Sir James John Digges La Touche  (December 1844 - 5 October 1921) was an Irish civil servant in British India, where he spent most of his career in the North-Western Provinces.

Career in India
La Touche was born in Dublin, the son of Mr. W. Digges La Touche. He joined the Indian Civil Service in 1867, and spent four years in Ajmir Province and four years in Upper Burma, before moving to the North-Western Provinces. In that province he served as a member of the Board of Revenue and Chief Secretary, and in 1897 acted as Lieutenant-Governor for six months, after the breakdown in health of Sir Anthony MacDonnell following the combat with the famine that year.

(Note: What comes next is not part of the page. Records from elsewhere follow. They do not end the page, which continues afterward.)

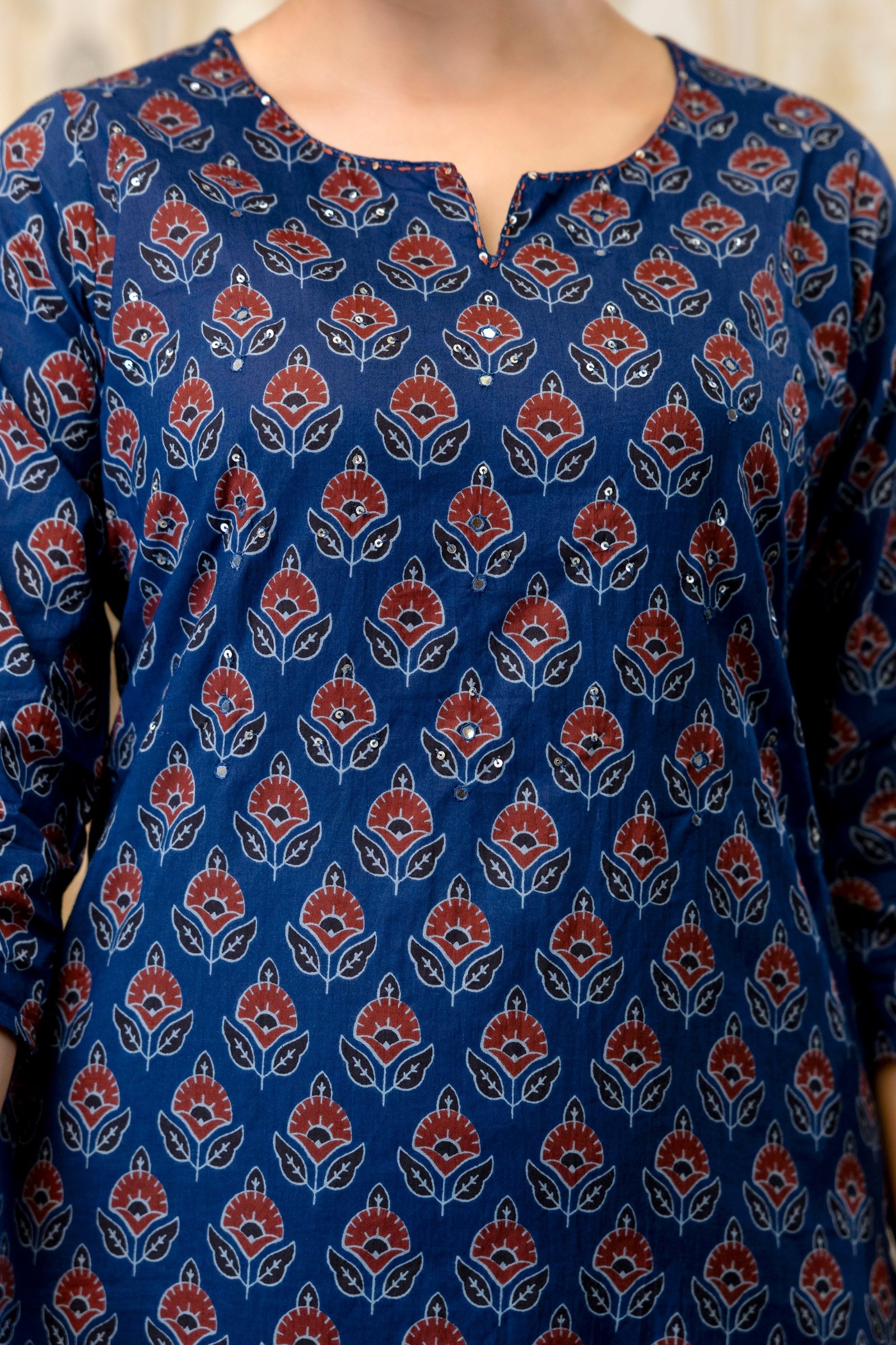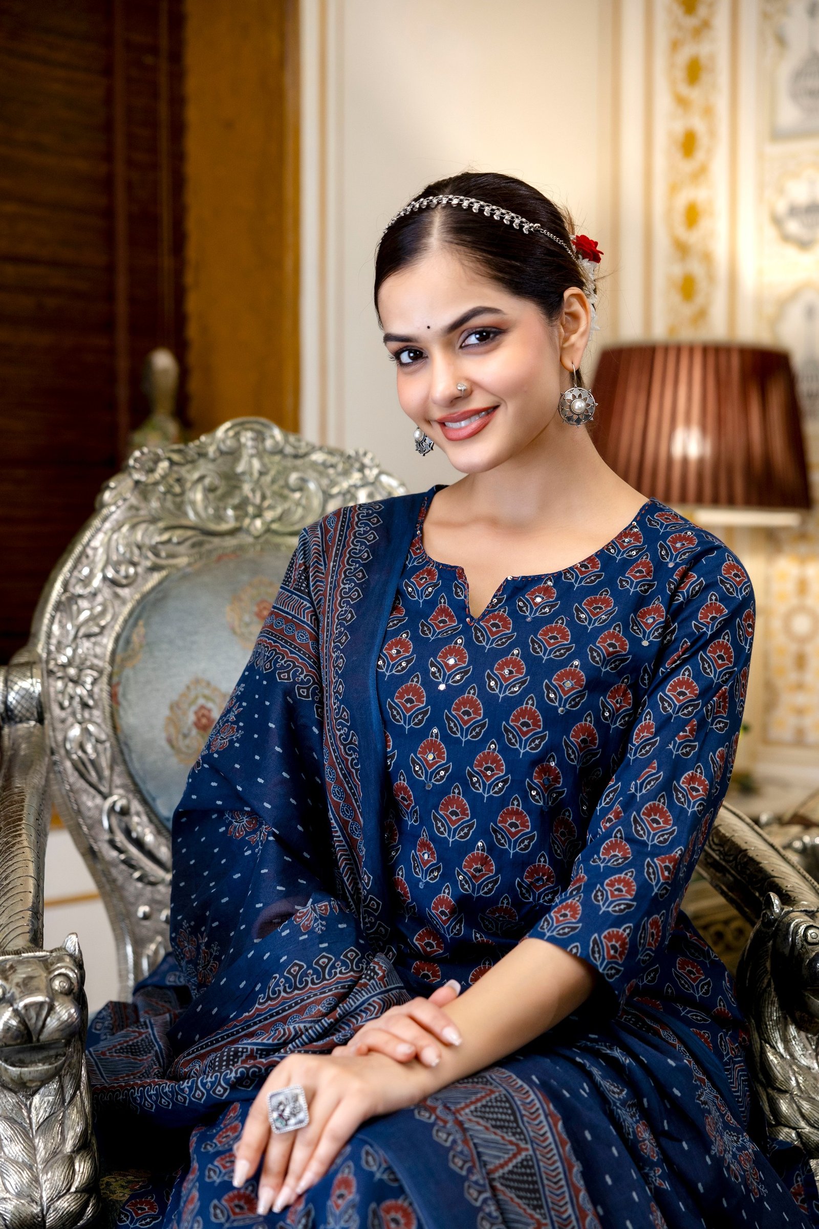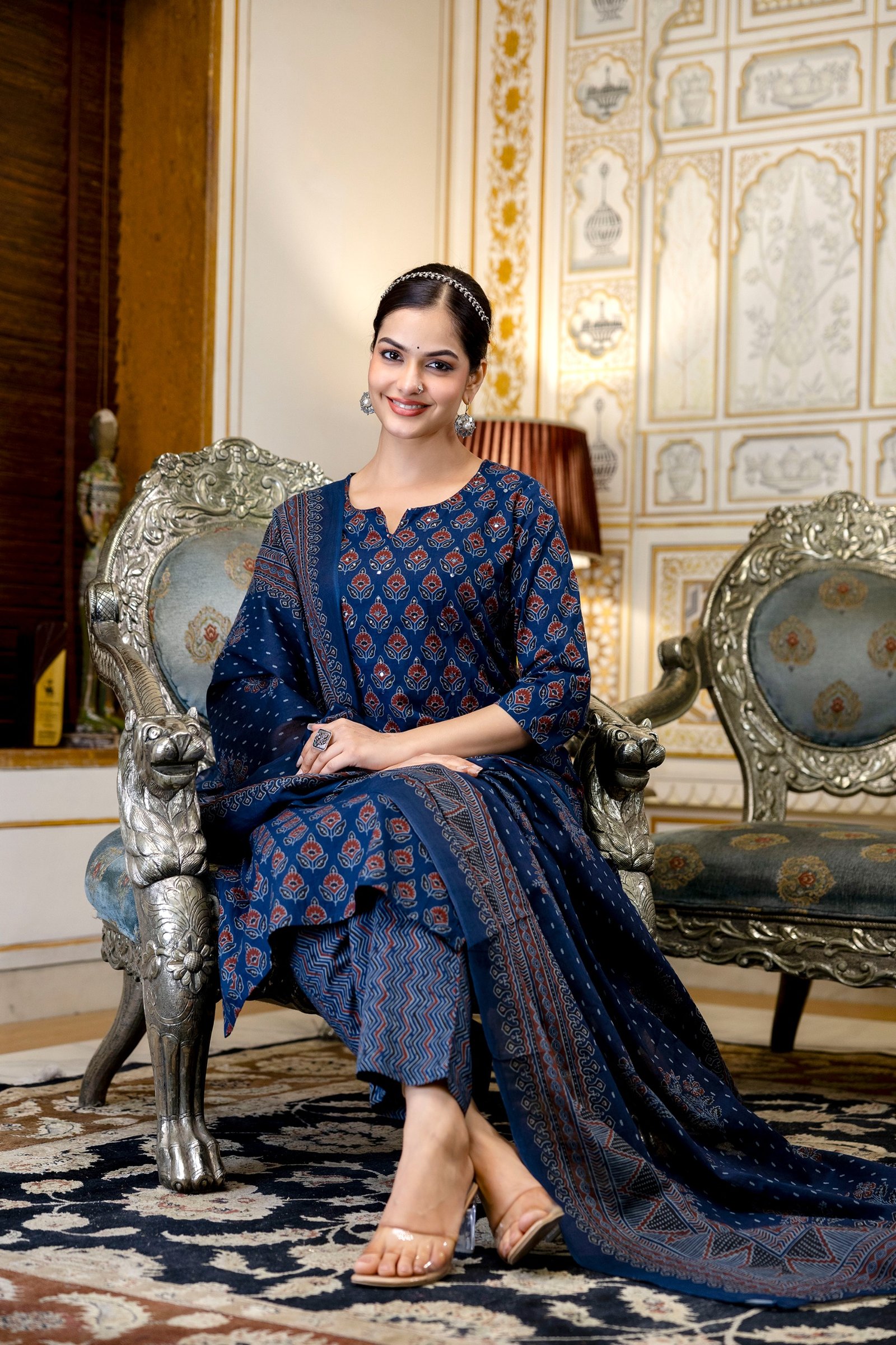 The kurta is enhanced with beautiful handwork detailing, adding a handcrafted charm to the outfit. Inspired by timeless Ajrakh patterns, this set creates a rich ethnic appeal with elegant styling.
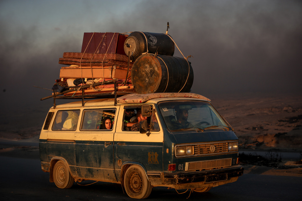 當(dāng)?shù)貢r間2025年9月3日,加沙地帶,民眾帶著有限的隨身物品,乘坐車輛、馬車或步行,經(jīng)拉希德街向加沙中部遷移。此前以色列對加沙北部的襲擊加劇,迫使他們逃離家園。視覺中國 圖
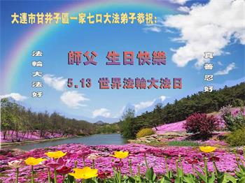 遼寧省大連市大法弟子一家三口及遠在外地的母親恭祝慈悲偉大的師尊華誕暨世界法輪大法日!
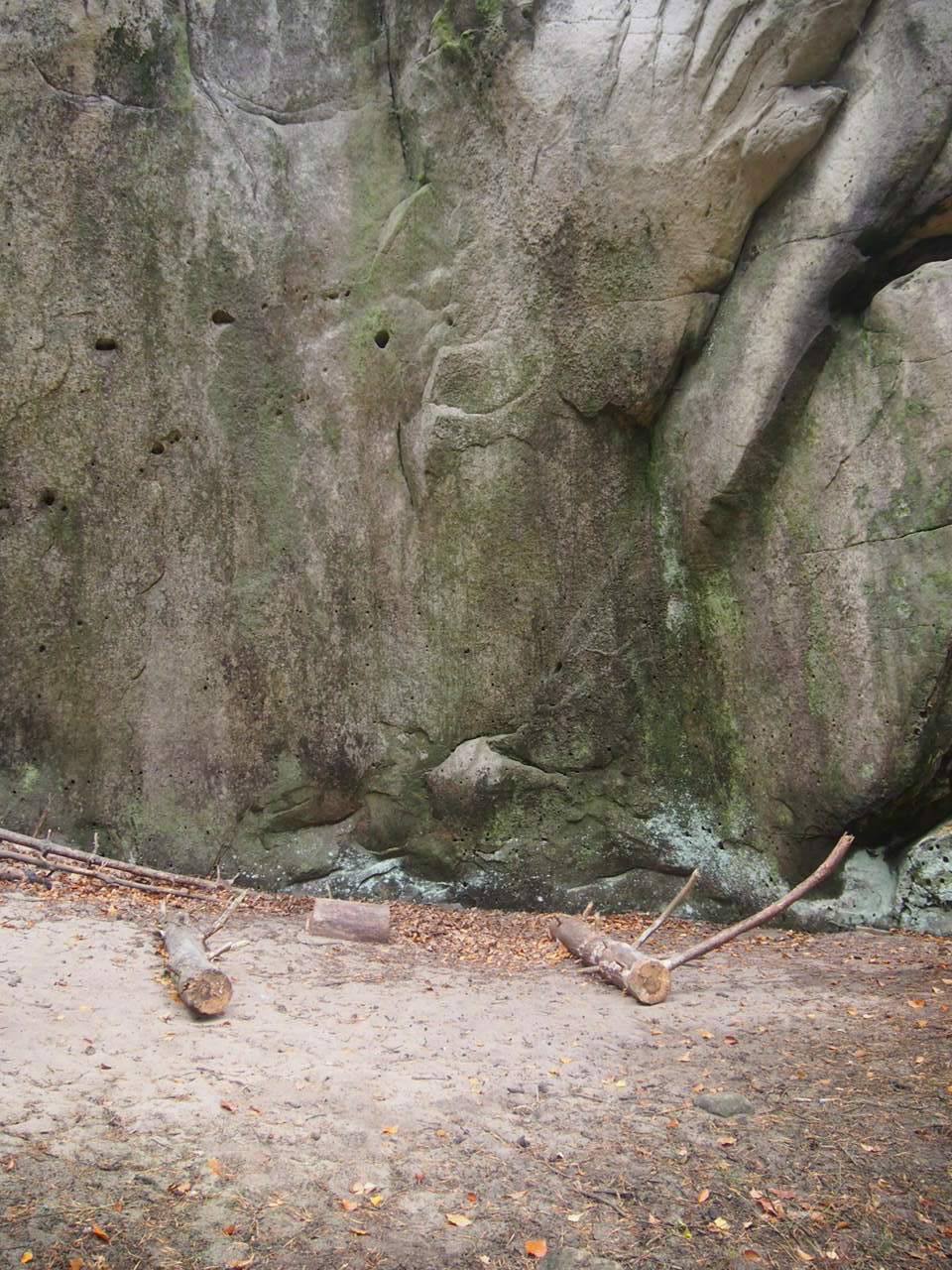 Rokle se rozšiřuje, všude okolo se nad roklí tyčí skály a my zkoumavým pohledem prohlížíme okolí. „Tam nahoře by něco mohlo být," říkám Kačce a už šplhám klouzajícím terénem nahoru ke skalám...a bylo. Našel jsem další pozůstatek trampingu v Českém ráji. Přede mnou se ukazuje trampské tábořiště.
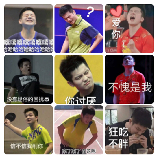 除了吴京表情包外,在奥运期间多次登上热搜的国乒队,也成为了网友自制表情包的重要来源。尤其是马龙、许昕和樊振东组成的“龙蟒胖”组合,网友们巧妙地根据球员的不同表情和动作配上文字,足见网友对“国乒喜剧人”的喜爱。
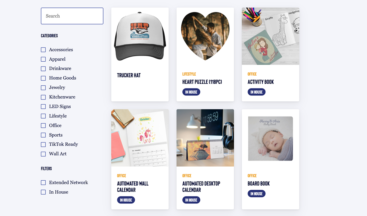 Its product lineup covers core categories like apparel, home décor, stationery, wall art, and specialty items such as puzzles, calendars, and pet products, all produced using methods like DTG, sublimation, digital printing, and embroidery.
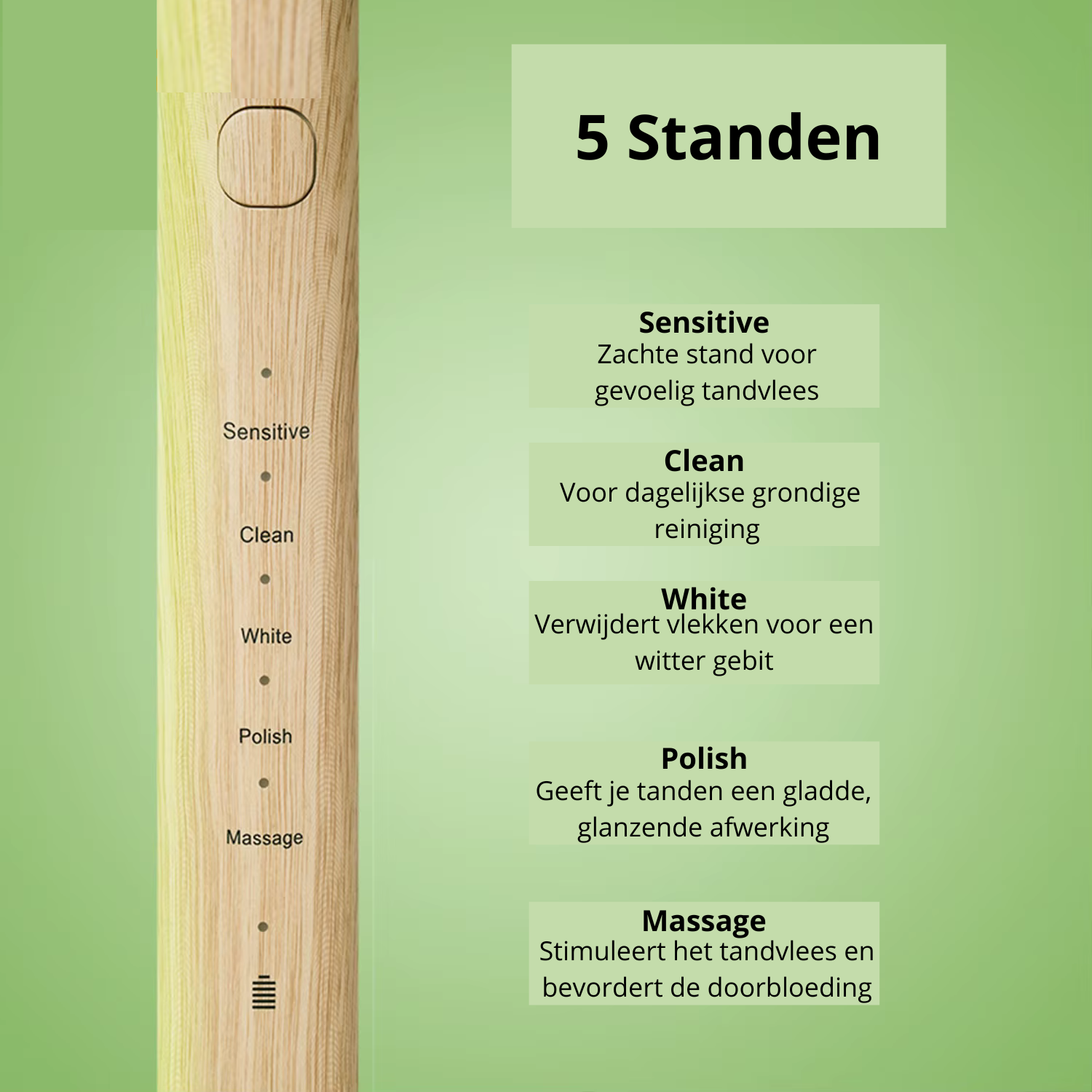 Of je nu last hebt van gevoelige tanden, je glimlach witter wilt maken of gewoon een betrouwbare, krachtige tandenborstel zoekt: dit model past zich aan jouw behoeften aan met vijf geavanceerde poetsstanden. En dankzij het stijlvolle, antibacteriële bamboe handvat geef je je badkamer meteen een natuurlijke en moderne uitstraling.
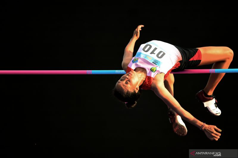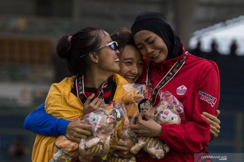 Atlet putri Bali Ni Made Eppi (kiri) bersama atlet putri Jawa Barat Ika Puspa Dewi (tengah) dan atlet putri DKI Jakarta Nadia Anggraini (kanan) berpelukan usai pengalungan medali Lompat Tinggi Putri PON Papua di Stadion Atletik Mimika Sport Centre, Kabupaten Mimika, Papua, Rabu (13/10/2021). Ni Made berhasil meraih medali emas, sementara atlet Jawa Barat Ika Puspa Dewi meraih medali perak dan atlet DKI Jakarta Nadia Anggraini meraih medali perunggu. ANTARA FOTO/Novrian Arbi/YU
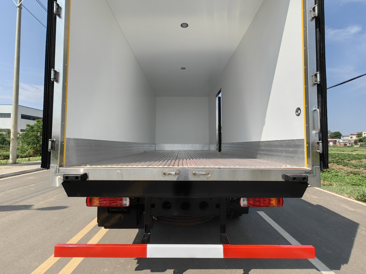 解放J6L國六300馬力6.8米冷藏車箱體采用內(nèi)外玻璃鋼板,中間8cm厚高密度保溫板,底板采用下沉式滿焊通風槽,箱內(nèi)前板+側(cè)板30cm高鋁型材踢腳線,箱體外部鋁型材包邊,不銹鋼門框、門鎖件,5層結(jié)構(gòu)密封條,單開側(cè)門,大工具箱,安裝國產(chǎn)S1100制冷機組,帶冷機檢修爬梯,后雙開門
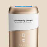 Our device offers 8 adjustable energy levels, allowing you to customize your own temperature comfortability. Our ice cooling technology offers a skin-friendly temperature of 50°F, making your skin comfortable and harmless, and enables IPL pulse light focusing on hair follicles to ensure smooth hair removal.
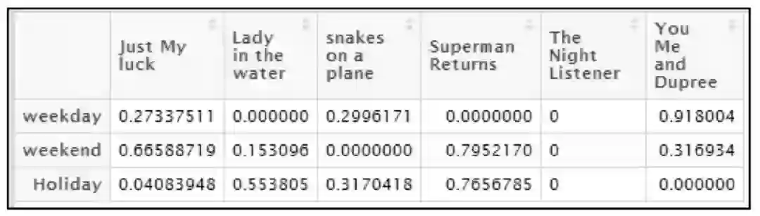 举例说明,假设推荐系统已经收集到用户在不同时间观影的历史数据,类型包括weekday、weekend和Holiday。通过该情境信息,可以分析出每位用户与电影内容之间的关系。如下表所示,表中数据显示用户TOBY在以观影时间类型为情境的前提下,会对哪种电影内容比较感兴趣。
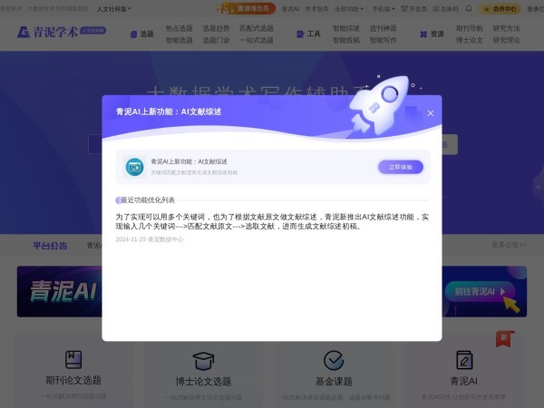 青泥学术(全称:青泥学术-大数据学术写作辅助系统)于2025年03月24日收录在本站学习学术导航分类,并成功建立了索引服务,为用户提供查找/检索服务。
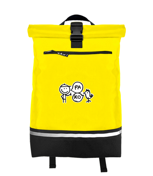 Original backpack ROLL-TOP LARGE. The upper part of the backpack can be closed with Velcro. It can be rolled up and switched on with a clip. For wearing, there is an ear and adjustable straps with safety reflective elements. The roll-top backpack has an outer pocket that can be closed with a zipper and an inside pocket that is not closable. A safety reflective tape is placed on the front of the roll-top large backpack. Mix & Match - Choose from many original prints and combine colorful colors. Color configurator! = mix your own color combination!

He was a Member of the Council of the Viceroy of India, and was in November 1901 appointed Lieutenant-Governor of the North-Western Provinces and Chief Commissioner of Oudh. In March 1902 the province was renamed the United Provinces of Agra and Oudh, and the former commissionership was abolished. La Touche continued as Lieutenant-Governor of the United Provinces of Agra and Oudh until December 1906.
The following year he was appointed a Member of the Council of the Secretary of State for India.

La Touche was appointed a Companion of the Order of the Star of India (CSI) in the 1896 New Year Honours list on 1 January 1896, and promoted to a Knight Commander (KCSI) in the 1901 Birthday Honours list on 9 November 1901.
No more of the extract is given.